The show ponders the big life questions: goals and how we achieve them (if at all).  It’s a rather huge, perhaps insurmountable, topic to attempt — but the night invites us to try via headphones and a cinema that fits snugly into the Roundhouse’s intimate studio space. This set-up is most successful when it ventures beneath the surface of our unconscious decision making. At the start, we’re behind the wheel on a simulated motorway listening to late night hits on 107.4 Phoenix FM. This induces the sort of reflective, mesmeric state that tunes into some sort of primal life frequency and objectifies it — really interesting stuff.

But when we have to ask each other questions about our lives and how we made the biggest decisions, it seems too clumsily handled for so sensitive a topic. Staring into an audience member’s eyes as they held up their note on a landmark life moment felt like a weird psychotherapy session.
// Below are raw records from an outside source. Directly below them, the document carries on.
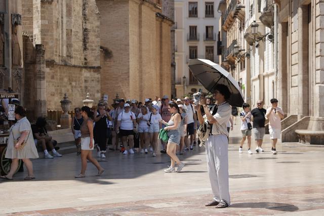 6月29日,在西班牙巴伦西亚,游客打伞遮阳。(新华社发)
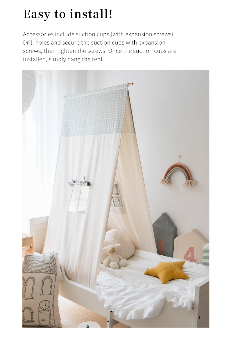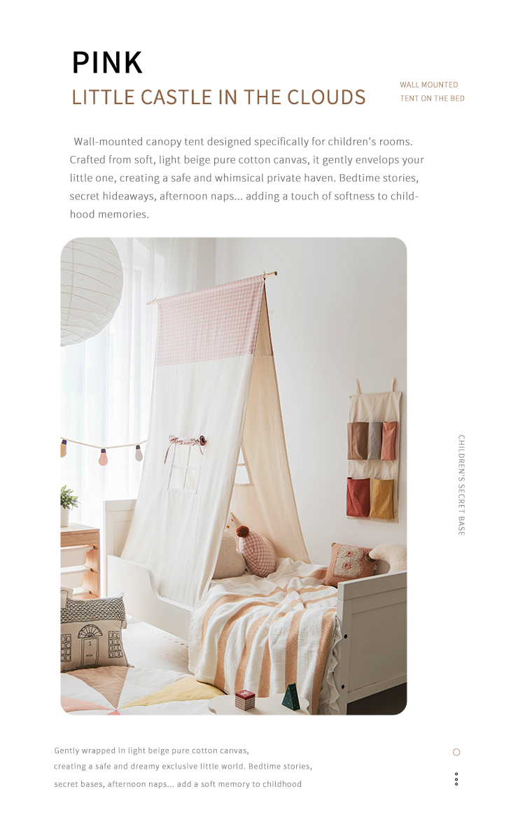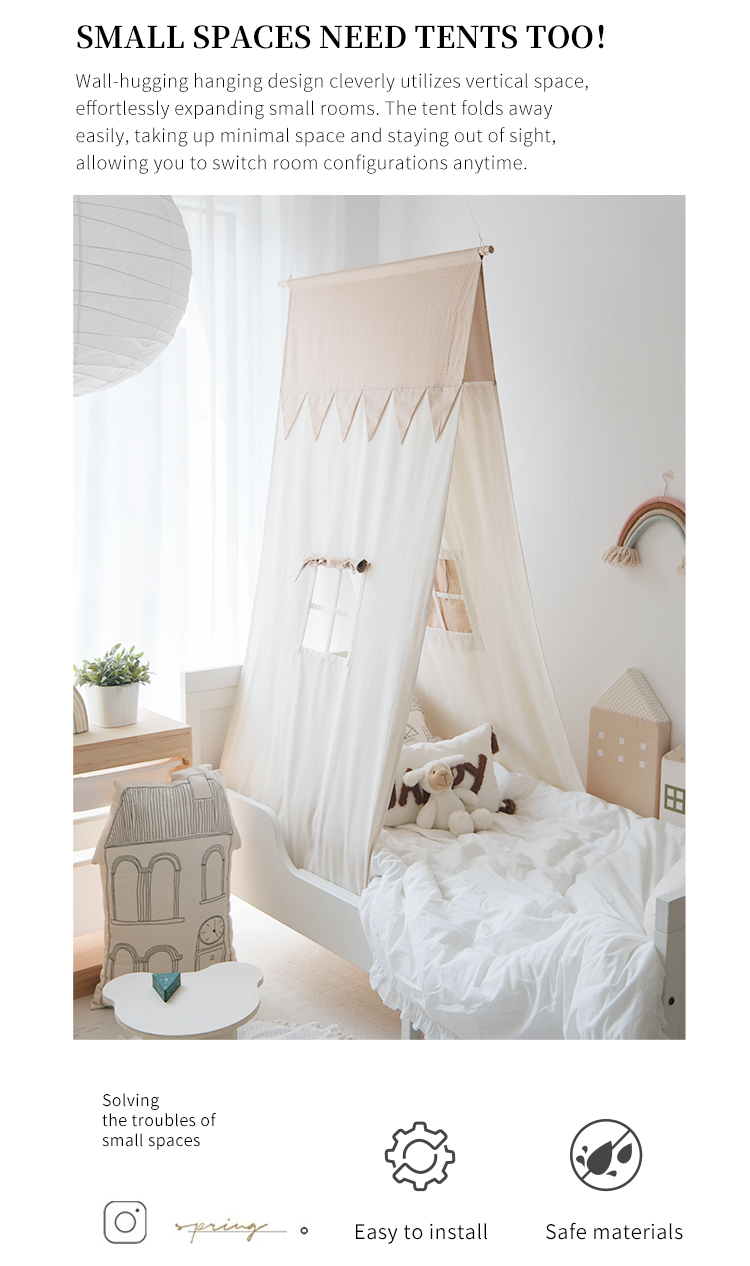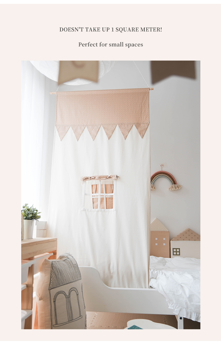Wall-hugging hanging design cleverly utilizes vertical space, creating a compact tent perfect for small rooms. Ideal for both sleeping and play, it comes in four colors for more choices.
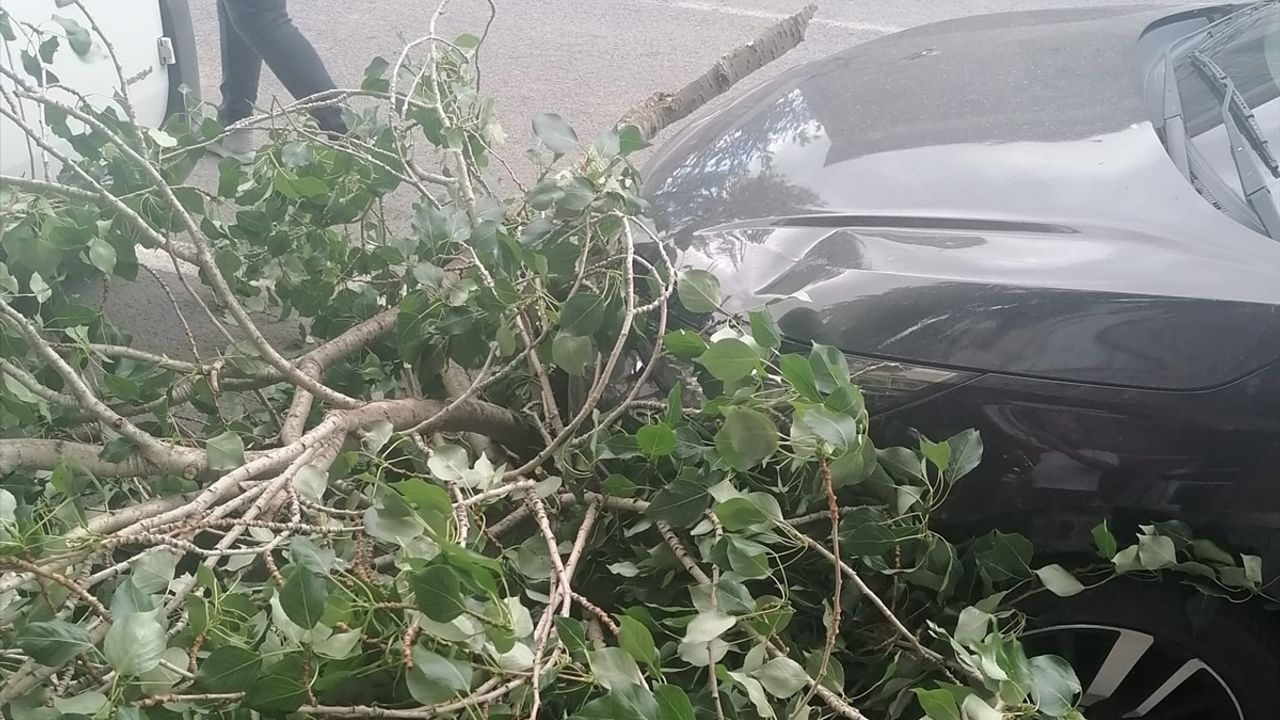 Rüzgar nedeniyle Faikbey Caddesi'nde park halinde bulunan Ö.Y'ye ait 36 AAT 282 plakalı otomobilin üzerine kırılan ağaç dalları düştü.
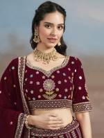 Maroon Color Party War Designer Semi-Stitch Lehenga Choli
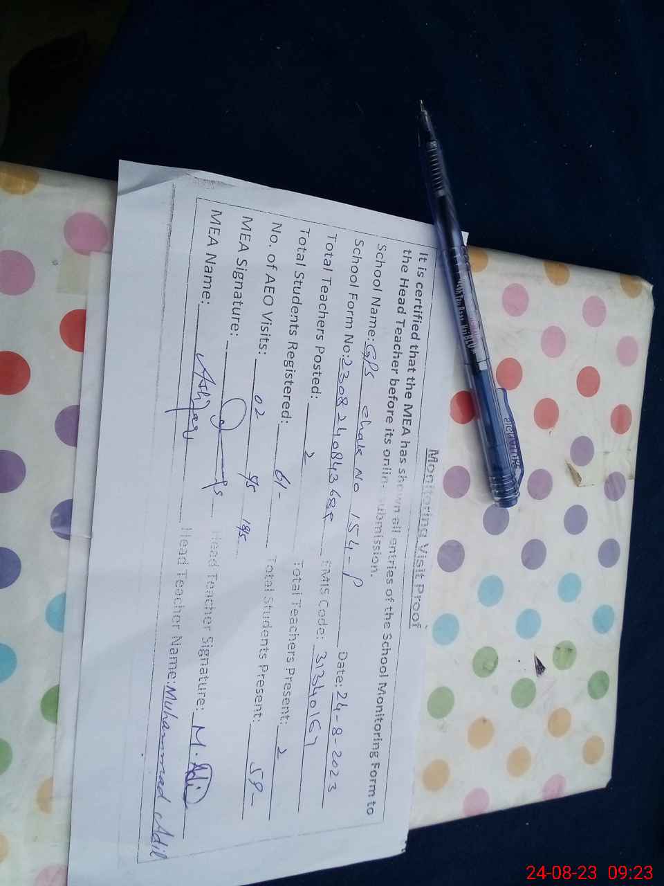 | EMIS Code: 31340167 | Name of School: GPS CHAK NO 154/P | |||
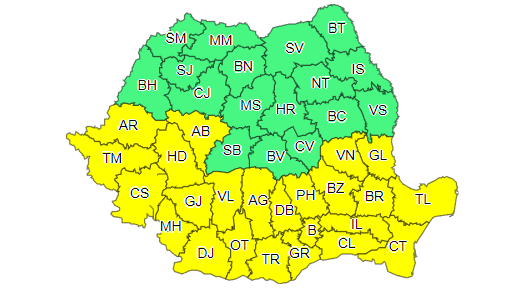 De asemenea, meteorologii au mai emis un cod galben de caniculă în intervalul 13 – 16 iulie care va cuprinde tot sudul României.
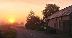 A weary first light embraced me as I descended into a very cold mist. This time fatigue struck quickly. I wanted to get off the bike but couldn’t see anywhere to rest until I spotted a grubby plastic chair in Ty Douar, a spattering of grey houses. I got off and dozed – perhaps for ten minutes but maybe much more. Too cold for deep sleep, my attention was caught by a fluttering pennant on a bike speeding past. I recognised Pete, a rider I had met on the ferry to Dieppe. The thought of saying hello spurred me into action and I set off in pursuit. We rode together, fighting the cold with conversation, until we reached Sizun and shivered into a condensation-filled café.
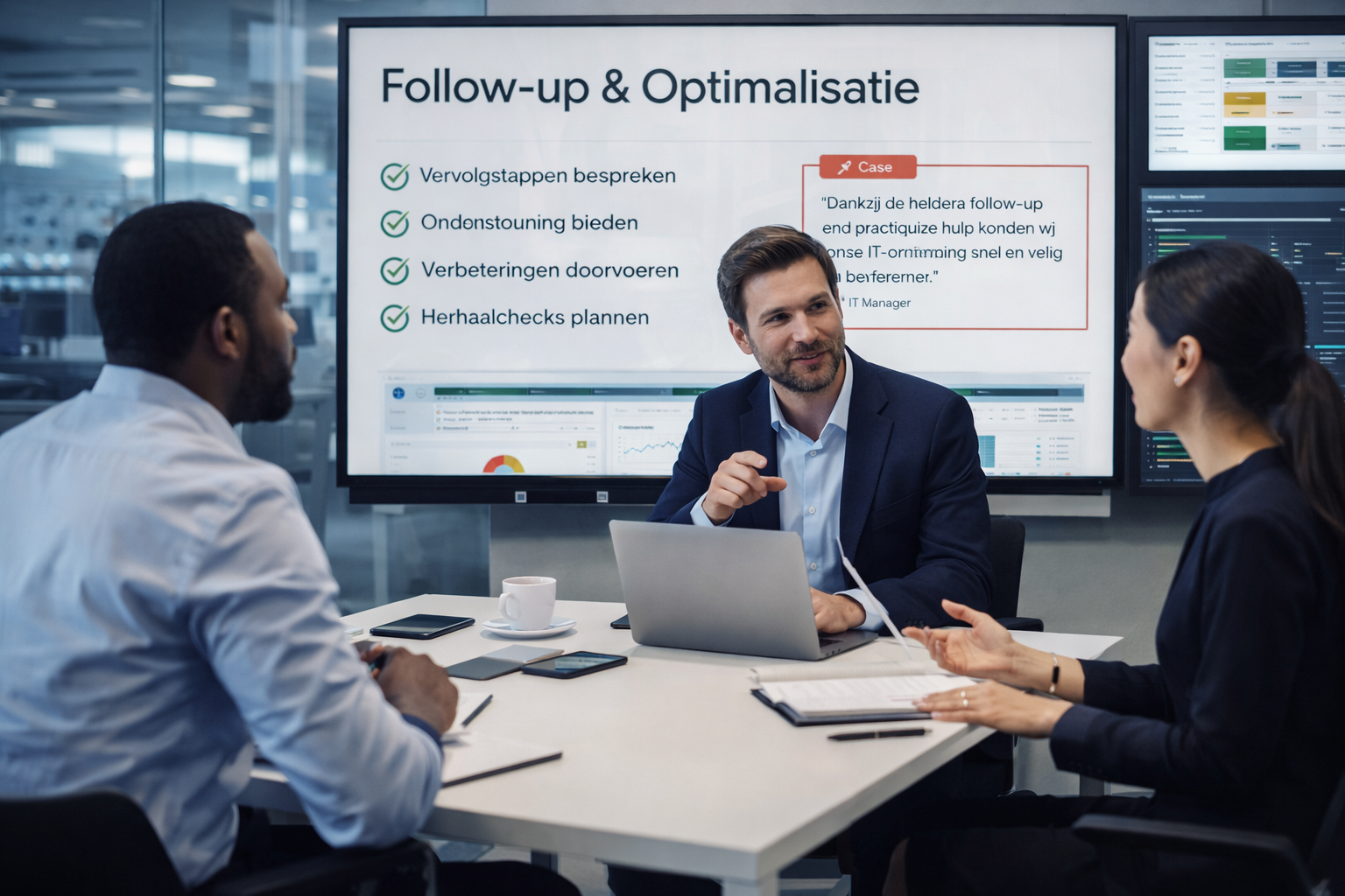 Een IT Health Check stopt niet bij een rapport. Daarom bieden wij altijd een duidelijke follow-up:
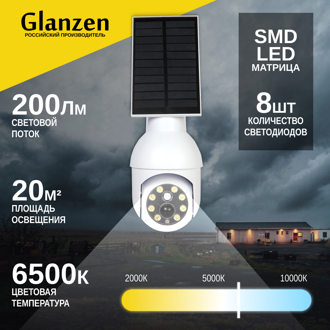 Отзывы на Светодиодный уличный светильник на солнечной батарее с датчиком движения и освещенности GLANZEN RPD-0200-1200-solar садовый прожектор под камеру (муляж)
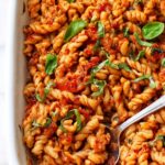 This Baked Feta Pasta recipe combines creamy baked feta cheese with bursting cherry tomatoes and sun-dried tomatoes, tossed with perfectly cooked pasta and fresh basil for an incredibly flavorful and easy Mediterranean-inspired dish. The sauce is rich and tangy with a hint of spice from red pepper flakes, balanced by garlic and herbs, making it a perfect weeknight dinner that comes together effortlessly in the oven.

Taped interviews with children about their life dreams are sweet, but ultimately only prompt questions about what we were meant to draw from them.

Mountaineering tackles a massive subject that perhaps bamboozled the creators as much as it did the audience. “Not everyone has to set out towards an end goal, and it feels alienating to suggest this is the default,” says the programme. More powerful perhaps, would have been to critique the very notion of goals, or of climbing to reach the top of an idealised social ladder. But in trying to be all things to all people, this night left us feeling like our depths had been disturbed with little gained in return.

Mountaineering is at the Roundhouse's Studio Theatre until 15 February. Tickets from £15. Londonist attended on a complimentary press night ticket.